Above all, Caleb loved people. Everything came back to people. When he looked at his paintings, for instance, he saw not the art, but the artist. Many of the painters had become his and Shirley’s friends. When he sipped Tyrrell’s Vat 1 semillon, perhaps his favourite wine, Caleb didn’t rave on about a “harvested field nose” or “apricots in late spring on the palate” but would praise the winemaker, “Andy” Spinaze, saying he was such a lovely bloke. Ultimately, that’s what Caleb’s lunches and the Fishing Point Mob were all about; not art, music, words and wine, but the love of people in all their joyous and flawed beauty. As a result, this mob was a family, and Caleb was our patriarch.
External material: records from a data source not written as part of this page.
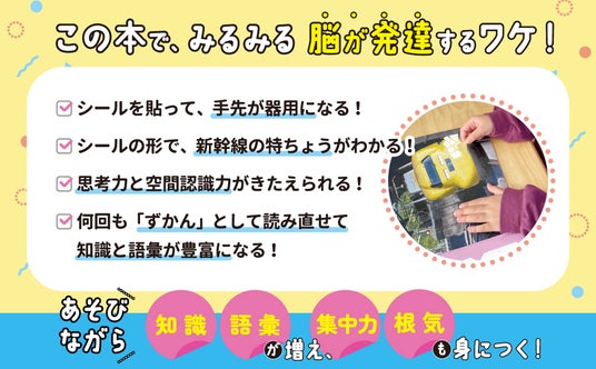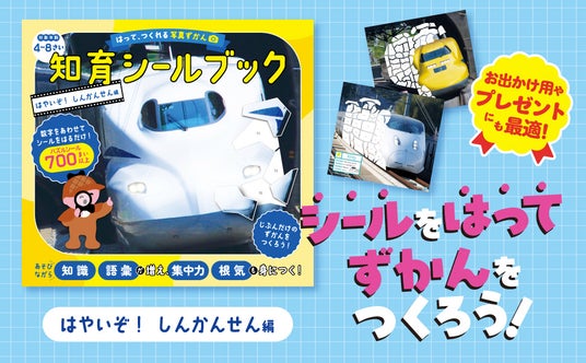 【スキマ時間や、旅行のおともに!】シールをはって、自分だけの図鑑が作れる、『はって、つくれる写真ずかん 知育シールブック はやいぞ! しんかんせん編』が発売!
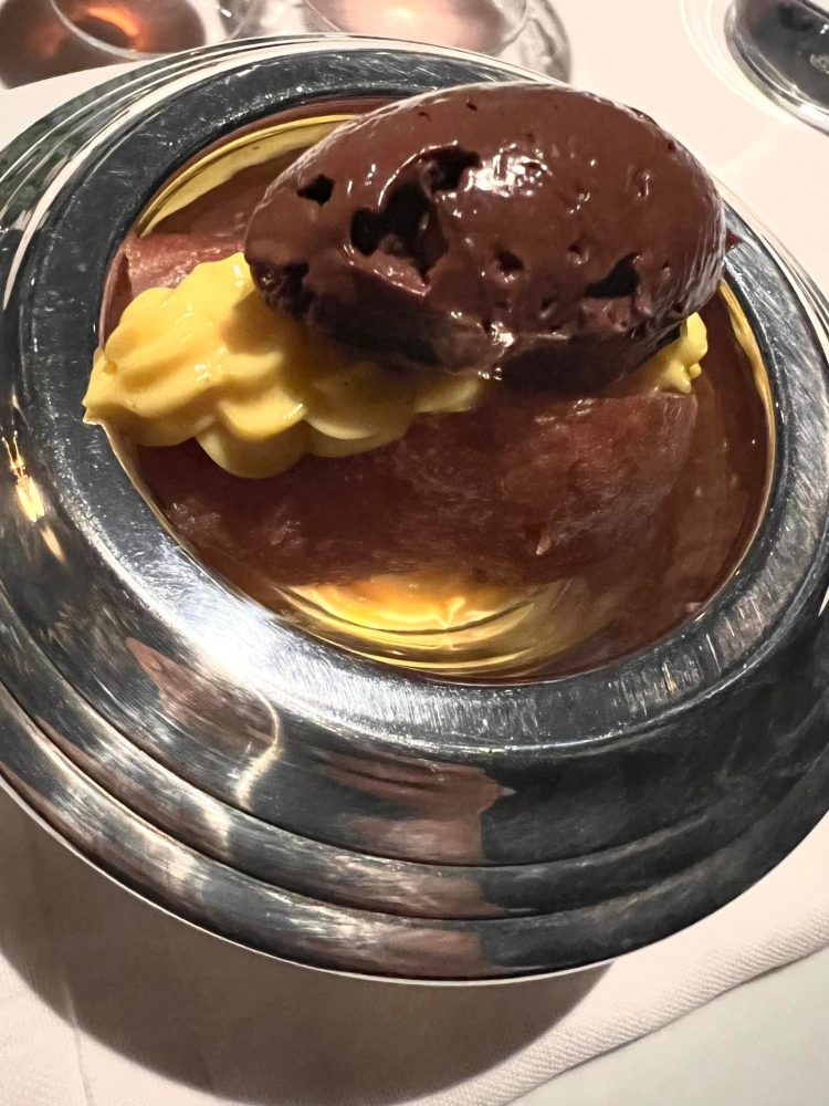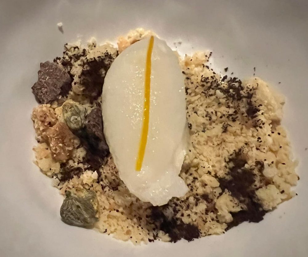 Aver resettato l’impostazione nello chef che attraversa l’età della maturità professionale (classe 1978) e la presenza in sala di Carlotta Petrilli ci presentano una persona più rilassata, più contenta, soprattutto più concentrata di fare cose che possono essere lette facilmente dai clienti con il gusto o con il divertimento e l’allegoria del nomi. In soffitto, mineralità, acidità, toni bruciati oggi tanto di moda, presenti non quanto basta ma quando serve, non c’è timore di presentare piatti appaganti con punte di morbidezza e anche di dolcezza. Insomma, il segnale di un cuoco che, stavolta si, fonde le tendenze e non le cavalca lasciandosi trascinare spesso in un copia e incolla com purtroppo avviene a chi si forma alla scuola di Instagram.
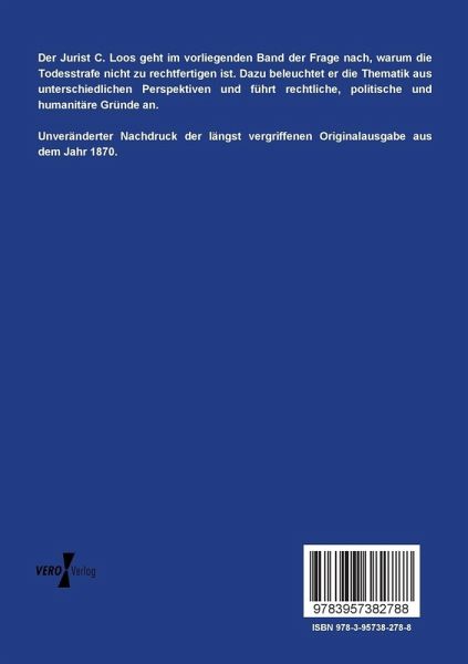 Der Jurist C. Loos geht im vorliegenden Band der Frage nach, warum die Todesstrafe nicht zu rechtfertigen ist. Dazu beleuchtet er die Thematik aus unterschiedlichen Perspektiven und führt rechtliche, politische und humanitäre Gründe an.
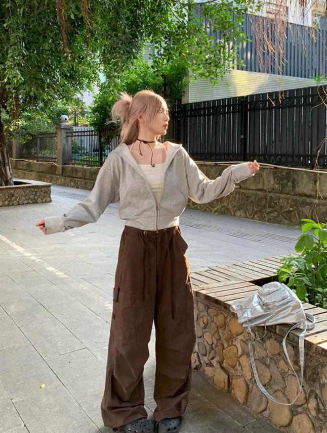 甜酷範十足的一套裝扮,淺灰色短款衛衣,太適合個矮的姐妹們穿了,簡簡單單的又非常好看,搭配棕色工裝褲,這種寬鬆的褲型,對腿型有着極佳的包容性,顯瘦效果絕了。

Caleb was generous with everything he had: his wine; his art collection, which he had bequested to the Lake Macquarie gallery in memory of his wife; his time, and; his heart. Caring for people was Caleb’s profession. As a doctor, Caleb had the Hippocratic Oath. But he didn’t need to swear to Greek gods to do his best by people. He enacted it, embodied it, in the way he lived. Caleb’s very nature made people feel better.
If only Hamlet had known Caleb. If the Danish prince had sat around Caleb’s table, he would have seen beautiful Australian art, tasted the liquid heaven of Hunter wine, developed slight deafness from listening to Sibelius at 100-plus decibels, and been made to feel welcome in another royal family, the Fishing Point Mob. Hamlet would have experienced the joy, and the meaning, of life. Caleb would have made sure of it.
At that point, Hamlet would have realised there are kings and queens among us who don’t wear crowns. And they never die, not in our hearts and memories.